Benefits of Debridement
- Reduces pressure at callused sites 1.
- Removes colonizing bacteria and biofilm 1, 7.
- Facilitates granulation tissue formation and reepithelialization 1, 7.
- Permits examination for deep tissue or bone involvement 1.
- Enables collection of appropriate specimens for culture 1.
Alternative Debridement Methods
- Autolytic debridement using hydrogel dressings for dry or necrotic wounds when sharp methods are contraindicated 7.
- Larval therapy (maggots) for carefully selected necrotic and infected wounds 1, 7.
- Mechanical, enzymatic, or biosurgical methods may be considered but are less definitive than sharp debridement 1.
Contraindications and Cautions
- Debridement may be relatively contraindicated in primarily ischemic wounds without adequate perfusion 1.
- Consider multiple sessions over several days if the wound is extensive, eschar is adherent, or the patient finds the procedure too painful 7.

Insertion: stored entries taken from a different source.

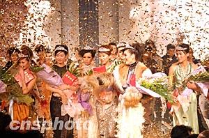 十一月二十六日晚,2003中國國際時裝周頒獎典禮在北京中國大飯店舉行,最佳職業時裝模特、最佳造型師、中國時裝設計“金頂獎”等眾多獎項各歸其主,為期一周的時裝盛會在歡笑中閉幕。中新社記者:盛佳鵬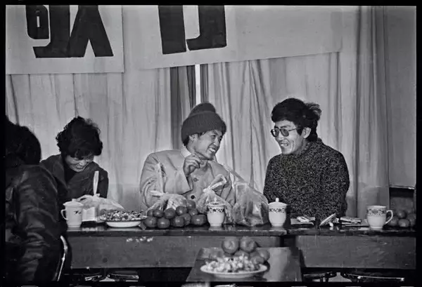 ▲北岛顾城在会上交谈/1986年12月,成都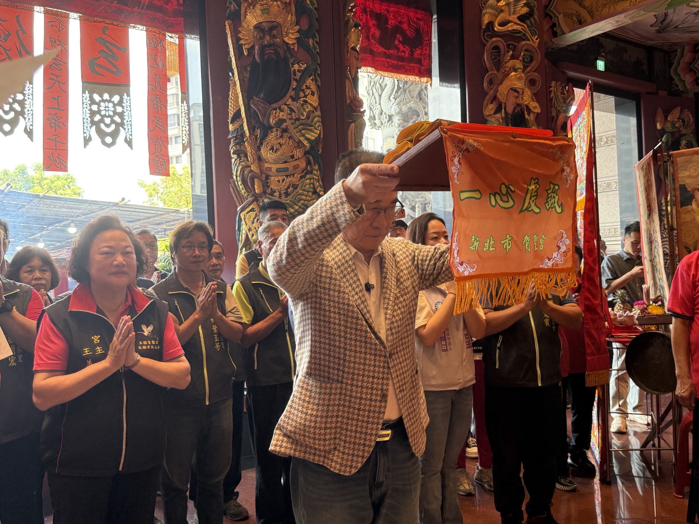 國民黨新北市長參選人李四川今(19)日上午出席五股賀聖宮恭祝玄天上帝聖誕,許多信眾紛紛與李握手合影。致詞前,廟方特別感謝李四川過去積極協助賀聖宮合法設址,也有里長肯定他在五股地區推動攔沙工程等政績。對此李四川表示,當選後將持續為地方打拚,全力推動建設與城市發展。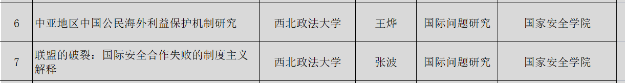 近日,2022年国家社科基金年度项目立项名单公布,成人网站 两个项目成功立项。分别为:王烨老师负责的《中亚地区中国公民海外利益保护机制研究》和张波老师负责的《联盟的破裂:国际安全合作失败的制度主义解释》。
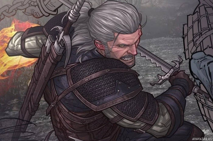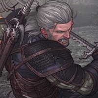 the video game "The Witcher 3: Wild Hunt," known as Geralt. He is standing in what appears to be a battle scenario with glowing effects around him, suggesting he might be using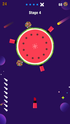 2、你要发射口红的时候一定不要碰到其他的口红哟,不然你会挑战失败,还有圆盘的速度会越来越快。游戏加入了碰撞惩罚机制,失误会扣除机会。

- Severe ischemia warrants careful risk-benefit assessment before aggressive debridement 7.
Post-Debridement Management
- Clean wounds with clean water or saline—avoid cytotoxic agents like hydrogen peroxide or povidone-iodine 7, 2.
- Maintain a moist wound environment using sterile, inert dressings selected based on exudate control, comfort, and cost 7, 2.
- Do not use antimicrobial dressings with the goal of improving wound healing, as they provide no benefit 7, 2.
Integration of A N D Components
These three components must be addressed concurrently and systematically 1, 2:
- Assessment guides the need for revascularization, infection management, and appropriate debridement 1, 2.
- Nutrition provides the systemic support necessary for tissue repair 1, 3, 4.
- Debridement creates the optimal wound bed for healing by removing barriers to tissue regeneration 1, 7.
Without adequate assessment, nutritional optimization, and debridement, wounds will fail to heal regardless of other interventions 1, 2.